誰かいたよ?

『私のことはベルって呼んでねー』

唯我鈴ゆいがりんだから、ベルにしたのね」

『そうそう! って、天照大御神様にも聞こえるの? 初めまして! 唯我鈴ことベルでーす。よろしくお願いします! あっ、そうだ。私の願いを聞いてくれるなら、このままべアーティと一緒にいたいんだけど……できそう?』

「できるわよ。お願いしておくわ」

 僕と一緒にいたいって思ってくれてるんだ。嬉しい! いつか恩返しできたら、いいなぁ。

『天照大御神様に感謝をー!』

「そんな大仰に言わなくても良いわ」

「うん」

『べアーティにも言われた! もうちょっと気を付けるねー』

「それが良いと思うわ」

 そういえば…ベルさんって呼んでみたら、ダメって言われちゃった。試しにベルさんじゃなくて、ベルちゃんって呼んでみたの。そうしたらね?

『べアーティから、ベルちゃんって言葉が…………尊い。この世に悔いはない、死んでるけど』

 ベルちゃんが砂になって崩れていく様子が、はっきりと想像できちゃった。僕がベルちゃんってまた呼んだら、すぐに元に戻る姿も。

「確かに想像しやすいわね。なぜかしら?」

『それはたぶん、私のキャラが確立してるからだよー』

「そういうことなのね」

「ベルちゃんは特徴的だもんね、色んな意味で」

『含みがあるー! べアーティが悪い子になっちゃったよー。ぐすっ、悲しいよー』

 僕は悪い子じゃないもん。それにしても、セリフが棒読みだよ。演技できない人なんだね、ベルちゃん。

「演技はさせないほうが良いわね」

『そんなに下手だった? 懇親の演技だったんだけどなー』

「演技と言えないほど下手だったわ」

『辛辣だねー。そんなに下手だったんだ』

 ベルちゃんが思っている以上に下手だと思う。そんなに落ち込まなくても、違うことで役に立てるでしょ? 元気出して!

『べアーティに慰められた。嬉しいなー!』

「飛び跳ねてる様子が目に浮かぶわね」

 母さまも浮かんだんだ。僕も同じ光景が目に浮かんだよ! やっぱり、ベルちゃんは分かりやすいんだね。

『元気が満タンになりました』

「今のは棒読みが良い感じに作用したわね」

「機械が喋ってるみたいで、いい感じだね!」

『そう? 演技をするときは、機械の演技をしようかなー』

 機械の演技はないと思うけど……あるのかな? ベルちゃんは機械の演技を見たことあるの?

『演技はないけど、アニメで機械っぽい声は聞いたことあるよー』

「貴方達はこれから違う世界に行くのだから、使うところがないと思うわよ」

『異世界転生ってやつ? ラノベ大好きだったから、嬉しいー!』

「母さまと会えなくなるの?」

「会えなくなるわ。でもね、喋ることはできるわよ」

 ベルちゃんが「電話みたいなことー」って言ってるけど、僕も電話のこと知ってるみたい。ベルちゃんの記憶が僕に流れ込んでるのかなぁ。ベルちゃんと僕は別人だけど、元々は同じ人ってことだもんね。

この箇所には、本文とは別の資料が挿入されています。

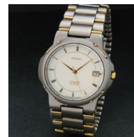
C コース SAMPLE
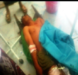
احد الجرحى الذين اصيبوا جراء القصف العشوائي على سوق القات في مدينة الضالع
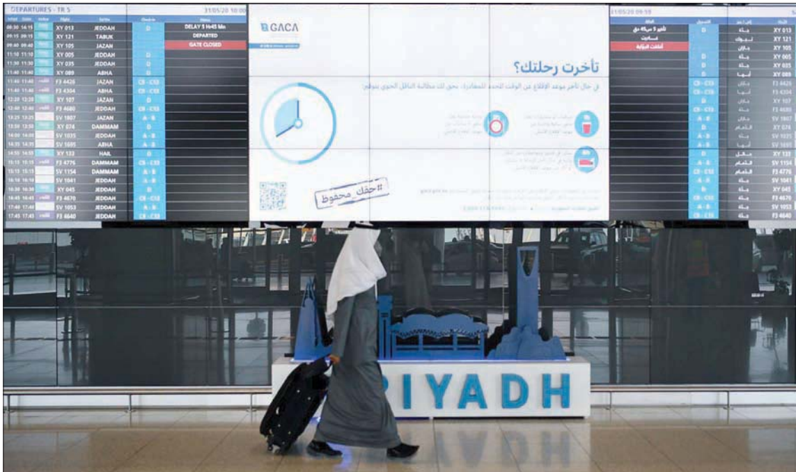
عودة حيوية لقطاع الطيران السعودي وفق الاحترازية الصحية

المستمر في القطاع لـ«الشرق الأوسط»، إن السعودية نجحت في السيطرة على وباء جائحة «كورونا» وتعاملت معه باحترافية عالية أوصلها إلى نسب تلقح كبيرة بين أفراد المجتمع المحلي، مع انخفاض في معدل الإصابة، وهذا عامل مهم في تحسين الأداء الاقتصادي بشكل عام منها قطاع الطيران. وأضاف أن مع الية رفع التواعد في مقاعد الطائرات التي جاء بناءً على طلب من الشركات

「ベルと話すとベティーの人格が構成されていくのよね。ベティーの言う通りかもしれないわ」

『じゃあ、こういうこと? 私とべアーティは同じ人格だったけど、壊されたことによって人格が二つになって………私が奥に引っ込んだことで、べアーティという新しい人格が構成された。みたいなー?』

「私と同じことを思っていたのね。本当はサポータースキルを与えようと思っていたのだけれど、貴方にはサポータースキルと同じ権限を与えようかしら。スキルの統合だったり、主人のスキルの使用権が与えられるわ」

『やりまーす! 私にやらせてください! べアーティに教えてあげることができる。役得だー!』

 ベルちゃんは僕だから、外に出ることができないんだよね。ベルちゃんも一人として過ごせるといいんだけど。

「本当に良い子ね」

『ほんとだねー。私にもこんな時代があったのかなー?』

「なかったと思うわよ。貴方には幸せが与えられなかったと、言ったでしょう?」

『そっかー。べアーティと一緒に過ごせたなら、幸せを感じれただろうなー』

 ベルちゃんが嬉しいことを言ってくれてる。でも、過去形なのは嫌だなぁ。これから、一緒に過ごせばいいだけだよね!